It is with great pride that we get to announce that our own Chief Scientist, Claudia Perlich, has once again taken home a coveted prize at this year’s ACM KDD conference.  Her paper, “Leakage in Data Mining: Formulation, Detection and Avoidance,” co-authored with two exceptional statisticians at Tel-Aviv University, has won the best paper award at the 2011 KDD conference.  The competition for this award was extraordinary — over 700 papers from many of the leading machine learning experts and data scientists worldwide.

Claudia is no stranger to winning contests at KDD, which is one of the world’s top data mining conferences, attended by both academia and top industry players (like Google, Yahoo, Microsoft, and now m6d!).  She has actually won their annual data mining competition three times in the past, and now sits on the committee that administers the competition.  Her current “best paper” is related to her experience winning these competitions.  She and her colleagues offer a formal analysis on a common pitfall in data mining & statistical analysis called “Leakage.”  According to the paper, “leakage is essentially the introduction of information about the data mining target, which should not be legitimately available to mine from.”  In other words, information related to the data you are trying to predict has “leaked” into the data you are using to make the prediction.  A trivial example that might illustrate this is as follows:

I am tasked to predict which prospects in a given pool will purchase a product online after being shown an ad for the product.  As the modeler, I pull all recent ad impressions from the data, and I use publisher, time of day and last site visited as my predictors.  I also pull in who has and hasn’t purchased, and who has and hasn’t visited the checkout page.  Now for those who purchased, the last site visited was the checkout page of the product being purchased.  If this was in my set of predictors, it would get a very high weight in my model, though in practice, this would be a useless model.  It is not feasible to target based on someone being on the checkout page, because the checkout page is the event that, by design, always precedes a purchase.

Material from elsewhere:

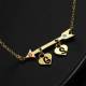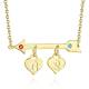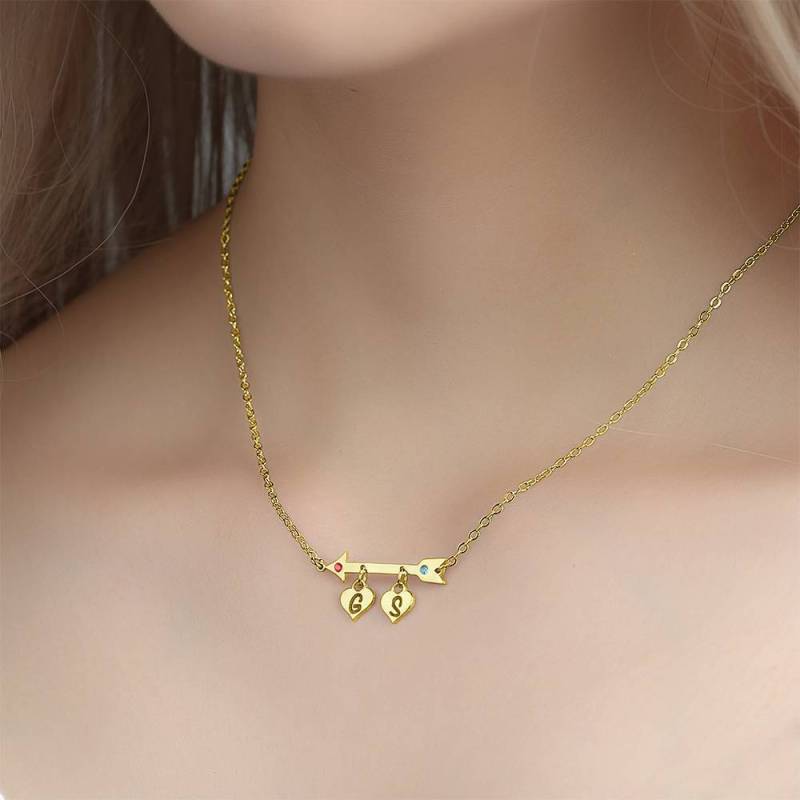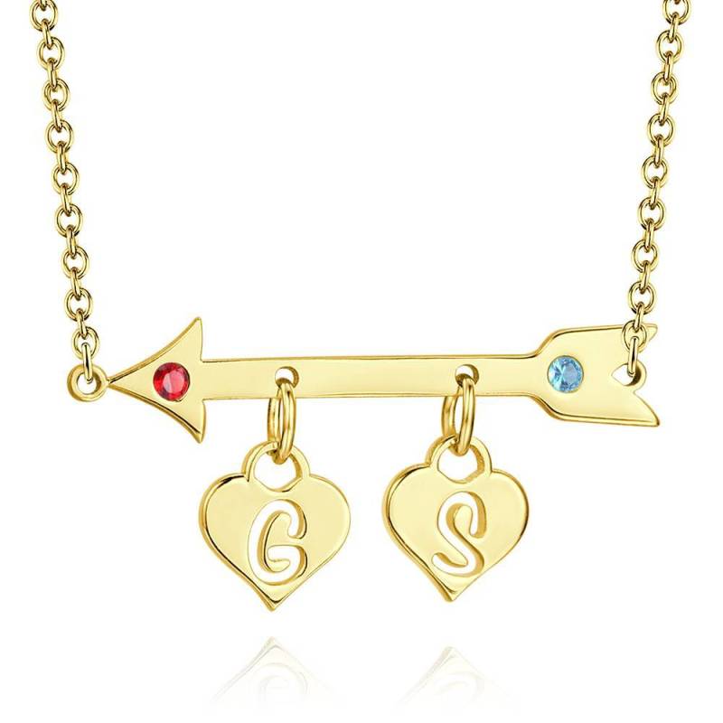Anfängliche Geburtsstein Halskette, Kundenspezifische Halskette Pfeil mit Zwei Herzen 14k Vergoldet - Golden
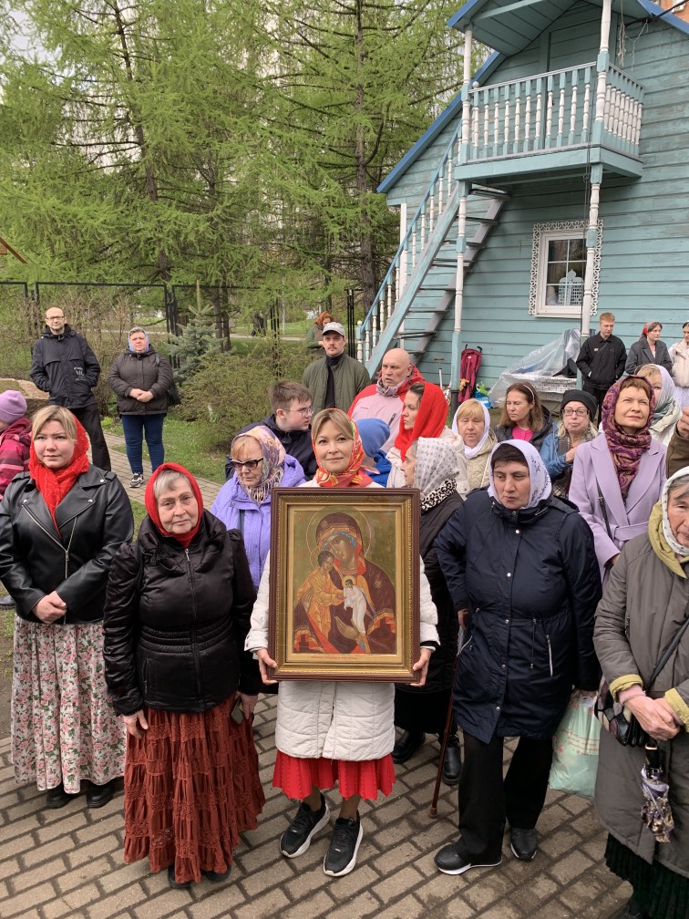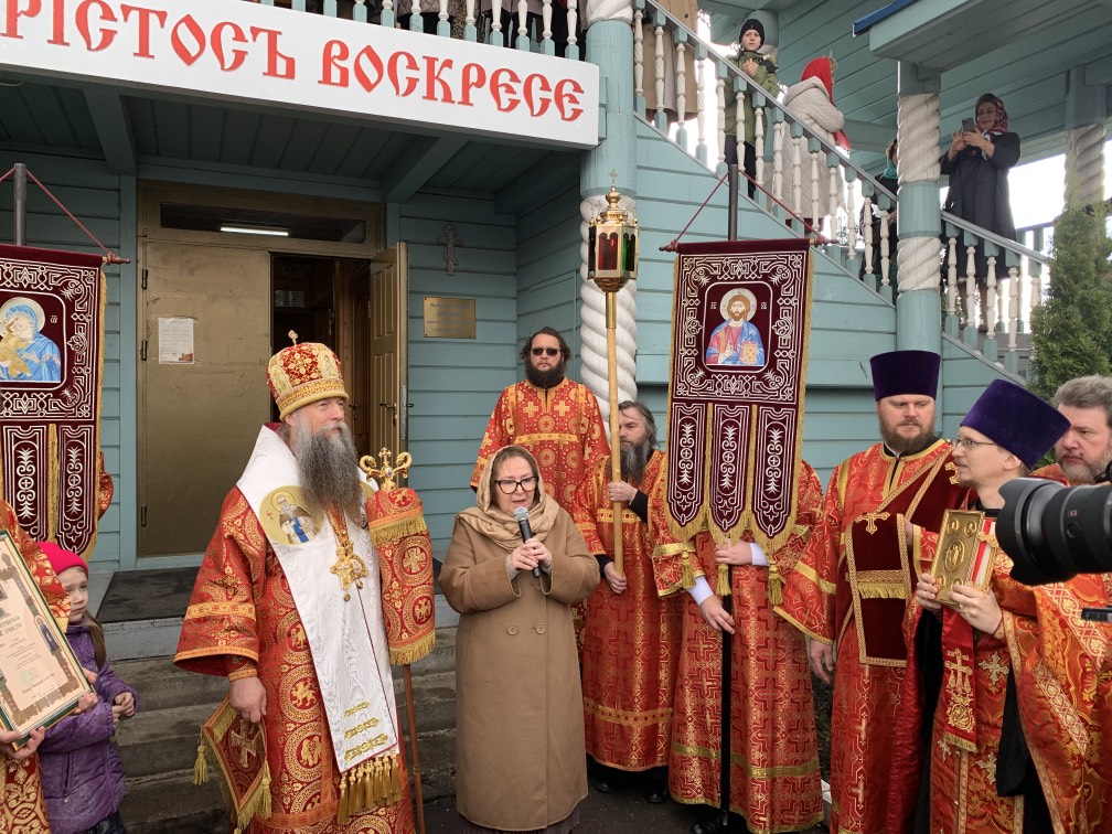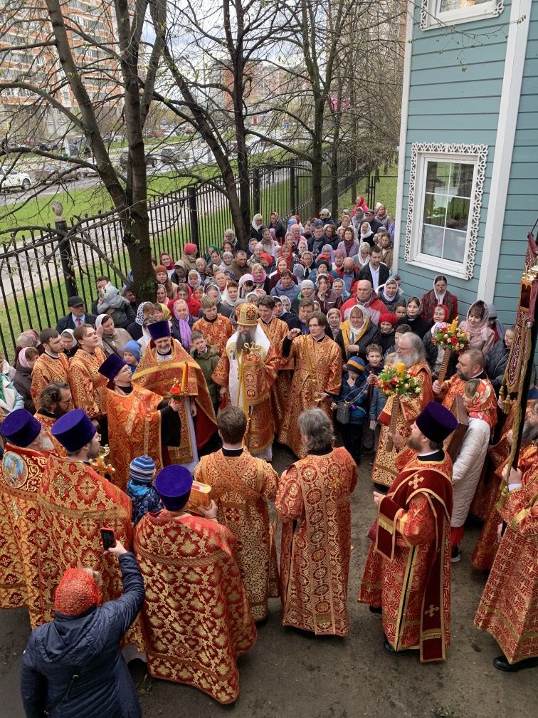 По завершении Божественной литургии состоялся крестный ход, по окончании которого епископ Мефодий поздравил прихожан и гостей храма с престольным праздником. Затем прозвучало поздравление от председателя правления Женского патриотического общества, ответственного секретаря попечительского совета строящегося храма святых Жен-Мироносиц в Марьине Г.В. Ананьиной. По традиции всем пришедшим девушкам и женщинам были вручены букеты белых хризантем.

The above is a somewhat trivial example, but leakage is not a trivial problem.  As the paper points out, this problem has occurred in many data mining competitions, designed by highly qualified statisticians.  Kudos to Claudia and team for discovering the issue in these competitions and calling attention to the persistence of the problem.  It is refreshing to read a paper that offers practical guidance around such a subtle, but model-effacing, misapplication of proper modeling methodology.

Reflecting on how this relates to our work at m6d, I am thrilled to have such creative and intuitive colleagues.  We face new modeling challenges all the time, especially in such a fast moving and vast ecosystem.  Every algorithm starts with a team of people trying to solve a problem, and oftentimes these problems are so new that no textbook provides a how-to guide to designing an optimal solution.  In these situations, the algorithms are only as good as the statistical craftsmanship of the people who designed and planned them.  In our case, Claudia is one of the finest craftswoman in the field of data modeling and analysis, and so we are very fortunate to have her on our team.  And to our customers … never should you fear that leakage will ever corrupt your next campaign’s performance!